Risé stuck her head in the pantry. “I’m sorry, Evan. I know you didn’t mean anything harsh.” She sat on the floor beside him, leaning against the shelves.
“I really am sorry. As soon as the words left my mouth, I knew it was the wrong thing to say.” His foot began to throb, but he’d not look away from her shining blue eyes for any amount of pain.
“We love her so much. I’m not naïve about cancer. That’s what took my mom. I just can’t wrap my brain around Carol dying, too. I shouldn’t have acted like such a baby. Besides, she’s coming home. Maybe it’s good news.” She pulled her knees up to her chest and wrapped her arms around them.
Evan hoped Carol wasn’t returning so that she could die at home instead of the hospital. He didn’t want to see this angel-face fall if the news wasn’t good. “No problem. There is a bit of a casualty, though.”
“Huh?” She moved closer, and her eyes grew concerned. Her face that close to his, peppermint still floating on every breath, rendered him tongue tied.
“Evan?”
“I-I, uh, fell on the lights, and I think some of them broke. I sort of stepped on them.” He stretched his leg to see if the pain in his foot would subside. Ouch. Maybe he’d sprained it. He pu
lled the strand of lights from the box and held up the damage.
“Oh, no, and it’s all my fault.” She reached for the connector and plugged it into a socket just next to her. Not a flicker. “How awful. I can replace them. That’s what I get for storming off like a baby.”
“No, not at all. I’m the one who broke them. I’ll go down and see how many more there are.” Evan stood and the pressure on his foot sent a sharp pain through his big toe.“Ahhh!”
“What happened?” Risé reached out to steady him.
He plopped back down. “I think I hurt my toe when I fell.” It occurred to him the squish might be blood. Terrific.
“Here, scoot back where I can get a look.” Risé kept her hands on his shoulders as Evan scooted to the other side of the pantry. She knelt at his feet. “Which one?”

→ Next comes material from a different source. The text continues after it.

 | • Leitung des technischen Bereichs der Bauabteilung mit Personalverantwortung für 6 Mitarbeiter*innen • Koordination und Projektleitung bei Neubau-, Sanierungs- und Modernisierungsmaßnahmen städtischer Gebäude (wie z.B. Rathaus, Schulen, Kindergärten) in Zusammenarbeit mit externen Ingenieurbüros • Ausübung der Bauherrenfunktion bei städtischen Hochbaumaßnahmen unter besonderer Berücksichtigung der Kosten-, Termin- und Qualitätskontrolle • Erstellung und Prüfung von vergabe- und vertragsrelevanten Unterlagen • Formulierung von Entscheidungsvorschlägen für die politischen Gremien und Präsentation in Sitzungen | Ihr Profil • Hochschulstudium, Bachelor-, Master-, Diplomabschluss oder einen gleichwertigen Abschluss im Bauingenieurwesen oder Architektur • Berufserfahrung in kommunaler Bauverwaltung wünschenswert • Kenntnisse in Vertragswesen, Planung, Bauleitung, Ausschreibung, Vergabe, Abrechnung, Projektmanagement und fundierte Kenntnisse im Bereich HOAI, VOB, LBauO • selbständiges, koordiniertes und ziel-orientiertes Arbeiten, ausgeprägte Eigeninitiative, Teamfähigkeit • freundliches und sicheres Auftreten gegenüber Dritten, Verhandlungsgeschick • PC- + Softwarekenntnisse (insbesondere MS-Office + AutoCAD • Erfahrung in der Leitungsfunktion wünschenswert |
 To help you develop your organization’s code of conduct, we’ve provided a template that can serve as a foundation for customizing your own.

“The right.” It smarted, but long curls that seemed laced around air distracted him. She untied his shoe. So nice to be tended to. He’d broken his ankle once his freshman year. He’d wanted his mom to come and make a big deal out of it, stroke his forehead as she had when he was little. She sent flowers. Her new boyfriend needed her just then. Evan understood, right?
“Uh-oh. Your shoe is filled with blood. I’ll be right back.” Two trim legs in skinny jeans hopped over his into the kitchen. She returned with a wet dish towel. She grabbed a roll of paper towels from the shelf above him, and tossed it and the wet towel in his lap.

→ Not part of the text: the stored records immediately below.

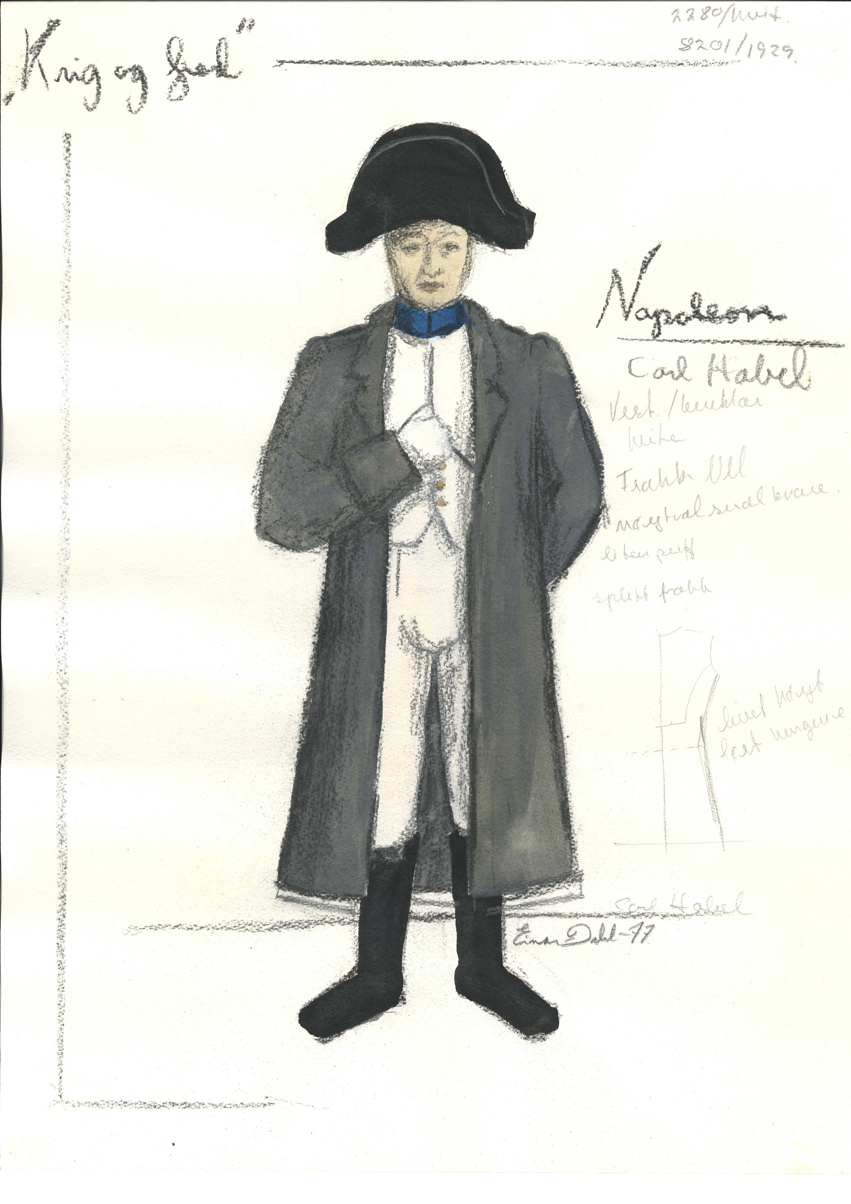 Tegningen er til skuespilleren Carl Habel i rollen som Napoleon Bonaparte.
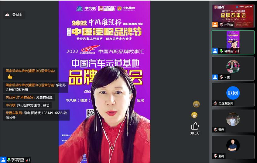 2022年5月27日,“2022 順風(fēng)燃油催化器杯 中國(guó)汽配品牌故事匯”的第五場(chǎng)活動(dòng),由 中汽聯(lián)(臨港)全球汽車(chē)零部件創(chuàng)新中心 特約冠名播出的“2022中國(guó)汽車(chē)示范基地品牌故事會(huì)在線(xiàn)上成功召開(kāi),中國(guó)南山·無(wú)錫車(chē)聯(lián)網(wǎng)小鎮(zhèn)總經(jīng)理甄鴻波、山東科佳智能裝備城銷(xiāo)售總監(jiān)許世婧、包頭瑞盛國(guó)際汽配城總經(jīng)理冒玉龍、廊坊汽配城總經(jīng)理關(guān)亞濤、中國(guó)汽車(chē)流通協(xié)會(huì)有形市場(chǎng)分會(huì)會(huì)長(zhǎng)蘇暉、中汽聯(lián)汽車(chē)區(qū)塊鏈產(chǎn)業(yè)創(chuàng)新中心主任戴浦臣 等六位嘉賓出席品牌故事會(huì)并做了精彩分享,引起了汽車(chē)行業(yè),尤其是專(zhuān)業(yè)市場(chǎng)及產(chǎn)業(yè)園區(qū)的廣泛關(guān)注,點(diǎn)贊數(shù)量達(dá)到390000個(gè)。示范基地品牌故事會(huì)由中汽聯(lián)秘書(shū)長(zhǎng)、中國(guó)汽配品牌節(jié)副主席兼秘書(shū)長(zhǎng)郭霽嘉主持。
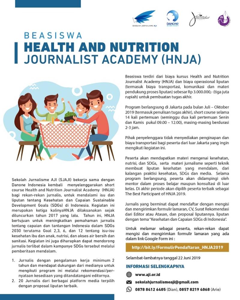 Sekolah Jurnalisme AJI (SJAJI) bekerja sama dengan Danone Indonesia kembali menyelenggarakan short course Health and Nutrition Journalist Academy (HNJA) bagi rekan-rekan jurnalis, untuk mendalami isu dan liputan tentang Kesehatan dan Capaian Sustainable Development Goals (SDGs) di Indonesia. Kegiatan ini merupakan ketiga kalinyaHNJA dilaksanakan sejak diluncurkan tahun 2017 yang lalu. Tahun ini, HNJA bertujuan untuk meningkatkan pemahaman jurnalis tentang capaian dan tantangan Indonesia dalam SDGs 2030 terutama Goal 2,3, 6, dan 12 tentang isu-isu kesehatan ibu dan anak, nutrisi, dan akses air bersih dan sanitasi. Kegiatan ini juga diharapkan dapat mendorong jurnalis terlibat dalam kampanye SDGs tersebut melalui pemberitaan mendalam.

The most beautiful girl in the world could not be messing with his ugly feet. “Thanks, but I’ll get it.” He leaned forward to stop her from removing his sock.
“Don’t be silly. It hurts. I can see it in your face. Just sit back.” She gently peeled off the bloody sock and set it aside. Her tiny hands dabbed at the blood with a paper towel and then applied pressure with the wet one.
She turned his foot toward her to get a better look. The touch of her hand reminded him of soft cotton balls.
She worked quickly, efficiently, and tenderly.